Scientists at the University of Helsinki, Finland, discovered quark-matter, a type of matter in which atomic nuclei simply do not exist.
A team of scientists at the University of Helsinki, Finland, found evidence of a new type of matter in the core of neutron stars, according to an article published in early June in the journal Nature Physics. The discovery was made possible by the combination of recent studies on theoretical physics with measurements of gravitational waves caused by the collision between two stars.
Everything around us is made up of atoms with dense nuclei, composed of protons and neutrons and surrounded by electrons with a negative charge. Within a neutron star, this atomic matter collapses and becomes an extremely dense type of nuclear matter – which is why the star is considered a huge core.

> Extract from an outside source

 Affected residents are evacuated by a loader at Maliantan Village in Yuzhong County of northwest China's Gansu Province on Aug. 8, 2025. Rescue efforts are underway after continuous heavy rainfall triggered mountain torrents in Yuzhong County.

Scientists theorized that at the core of a more massive neutron star this collapse would be so great that matter would transform into a new state, known as quark-matter, in which atomic nuclei simply would not exist. “Confirming the existence of quark cores inside neutron stars has been one of the most important goals of neutron star physics ever since this possibility was first entertained roughly 40 years ago,” said Aleksi Vuorinen, co-author of the research, in a statement.
To investigate the hypothesis, the Finnish scientists combined recent research on nuclear and particle physics with the findings from two astronomical studies – the detection of supermassive neutron stars and the measurement of gravitational waves caused by the merger of two such stars. The researchers thought that the combined analysis of this information would help them to deduce the characteristics and identity of the matter within the neutron stars.

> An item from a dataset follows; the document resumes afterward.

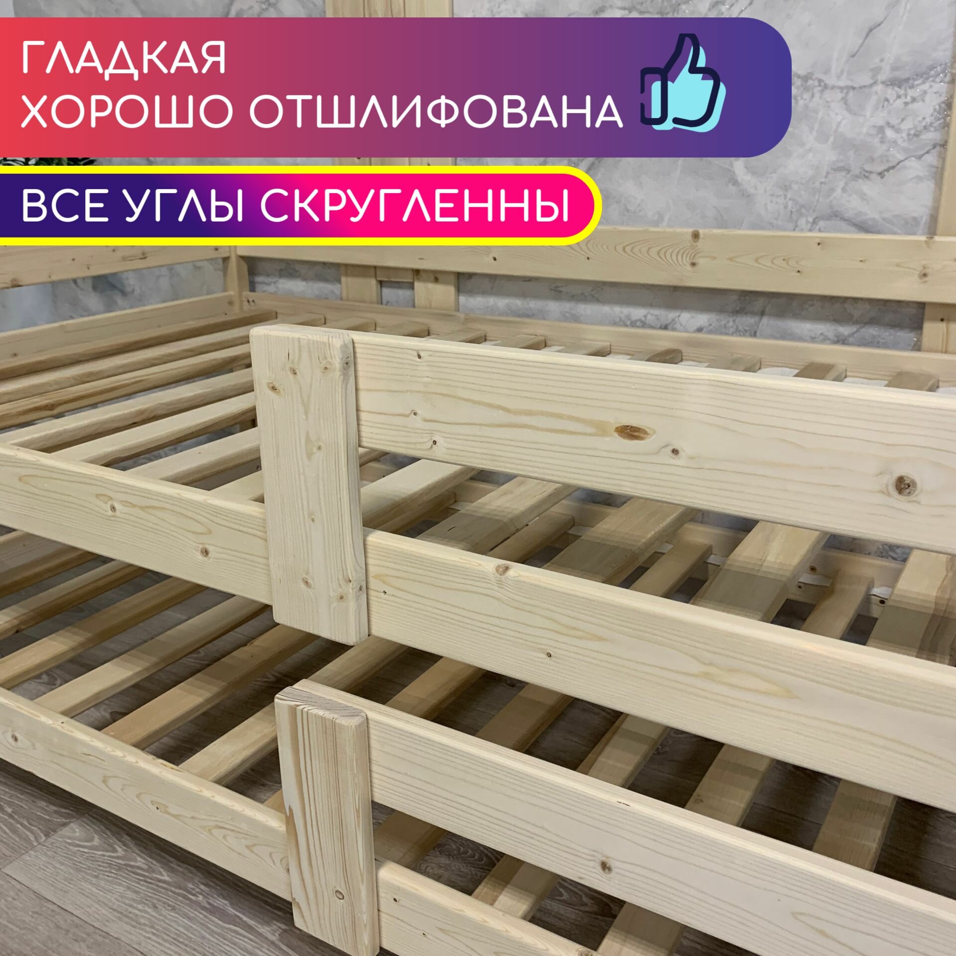Кровать выдвижная, кровать выкатная детская для двоих, двухъярусная кровать "Эсла" 180х80, 170х80 из массива дерева (без покрытия) 16 400 ₽

After weeks of studying the data, the strategy worked: the team found that the particles in the core of neutron stars behave as expected from quark-matter. In addition, according to the scientists, the calculations indicate that quark-matter makes up more than half the diameter of the analyzed stars.
The researchers add that further studies on the subject are needed, as there are still many uncertainties associated with the exact structure of neutron stars. Still, they believe the new research is a big step for astronomy and physics as a whole. “There is reason to believe that the golden age of gravitational wave astrophysics is just beginning, and that we will shortly witness many more leaps like this in our understanding of nature,” noted Vuorinen.